Having expected to be asked to start work in January, she is now due to start next week: "I have got my flight booked and I'm going to Brussels on Monday and I'm really looking forward to getting stuck in."

Strict rules

She said she would have to take a step back from her businesses - a management consultancy and a family smallholding - but would stay involved and wanted to concentrate on rural issues and small businesses as an MEP.

"I'm really thrilled about it and I'm particularly glad to be able to represent the West Midlands region. It's been under-represented until now so I'm really looking forward to starting work for the people of the region."
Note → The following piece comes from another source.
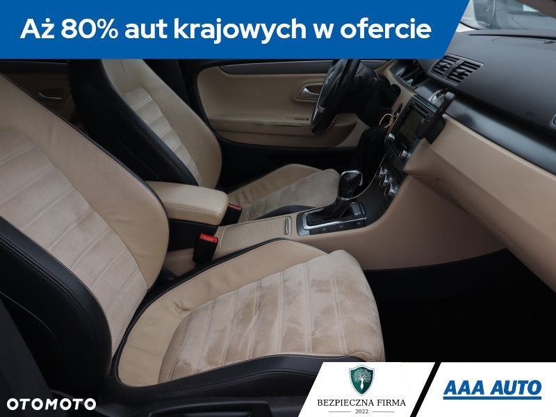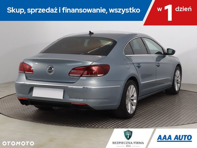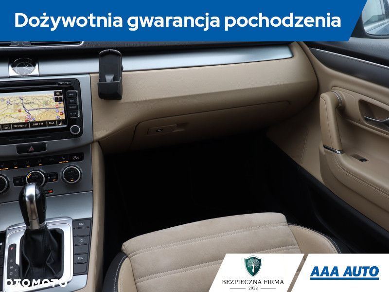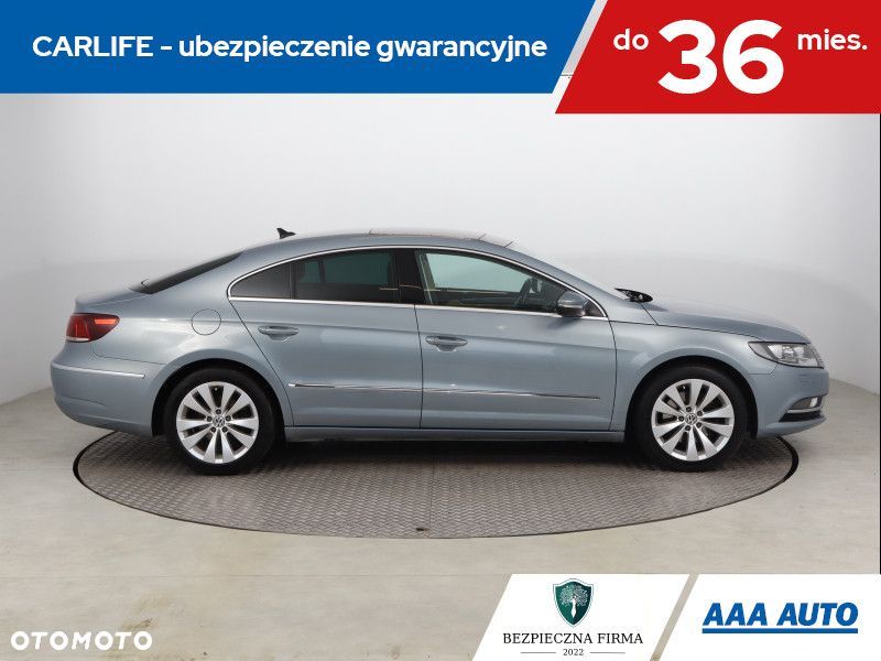 Ten Volkswagen CC jest wyposażony w mocny silnik benzynowy 1.4 TSI o pojemności 1390 cm3 i mocy 160 KM. Samochód posiada automatyczną skrzynię biegów, co zapewnia płynną i komfortową jazdę. Wśród wyposażenia znajdziemy panoramiczny dach, który dodaje przestronności wnętrzu. Reflektory bi-ksenonowe poprawiają widoczność w nocy. Fotele są półskórzane, wykończone alcantarą, sportowe i podgrzewane, co zwiększa komfort podróży. Dodatkowo, przednia szyba jest podgrzewana, a klimatyzacja automatyczna, co ułatwia utrzymanie odpowiedniej temperatury w kabinie.

Announcing the news in a written statement to MPs, Europe Minister David Lidington said it was an interim measure - and the extra West Midlands MEP would be elected in the normal way in 2014.

The extra MEPs allocated under the Lisbon Treaty were part of a rebalancing of the European Parliament, following the expansion of the European Union from 15 to 27 member states. Germany loses three MEPs under the treaty - although they will continue in their jobs until the 2014 elections.

The Electoral Commission was asked to recommend which of the UK's 12 regions represented by MEPs should get the extra seat.

It did so following "strict statutory guidelines" to ensure each region has at least three MEPs and that the ratio of voters to MEPs is as near the same as possible in each region.

It chose the West Midlands - which will now go from six MEPs to seven - and the region's returning officer was asked to look back at the 2009 results, to see who would have got the seat, had it existed then.

MEPs are elected using a party list system in which different parties put together lists of candidates for election, with their preferred choices at the top. Seats are allocated, on a top-down basis, in proportion to parties' share of the vote.

In 2009 the Conservatives got 28.1% of the vote - and were allocated two seats, UKIP got 21.3% and got two seats, Labour got 17% of the vote and got one seat and one went to the Lib Dems, who got 12%.